Plant material collection and extraction
Hawthorn berries were collected from east and west Azerbaijan, Iran, between August and September 2011 and after identification by an expert botanist (botanic herbarium, Biology Department, Faculty of Basic Sciences), the samples were air-dried. The voucher sample of hawthorn was kept in the laboratory of H.M. The seeds were removed from berries and the dried berries were ground using a coffee grinder. The powder was extracted using ethanol (70%) and after filtration (sterile gauze), was concentrated using a vacuum evaporator (Heidelberg, Germany). To reach full dryness, the extracts were exposed to a gentle stream of nitrogen gas.
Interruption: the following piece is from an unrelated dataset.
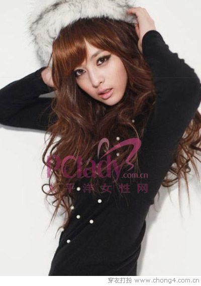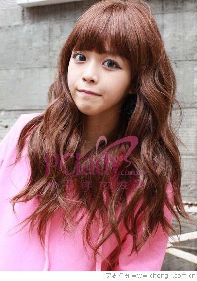 06 半圓劉海遮住高傲的額頭,而彎彎卷卷的長發(fā)可以擋住圓圓的臉頰,達到視覺上的瘦臉效果。

Triterpenic acid determination in HBE
The triterpenic acids were analyzed using reversed-phase high-performance liquid chromatography (HPLC) according to the previously described method with minor modification.15 The HPLC analysis was performed on an Agilent 1200 HPLC system equipped with a Quart pump (G 1311 A), an autosampler (G 1329 A), and an ultraviolet detector (VWD, G 1314 B). The HBE (100 mg) was dissolved in mobile phase and 20 μL of the dissolved solution was injected into the column (Eclipse XDB-C 18, 5 μm, 4.6 mm×15 cm) using an autosampler. The mobile phase consisted of a mixture of 15% H2O, 85% methanol, and 0.15% acetic acid (AA). A total run time of 27.5 min and a flow rate of 1 mL/min were performed. The eluent was detected by an ultraviolet detector at 210 nm. To identify the OA and UA, we used pure standards to prepare calibration curves and compare the OA and UA peaks of the samples with those of the external standards using the same conditions.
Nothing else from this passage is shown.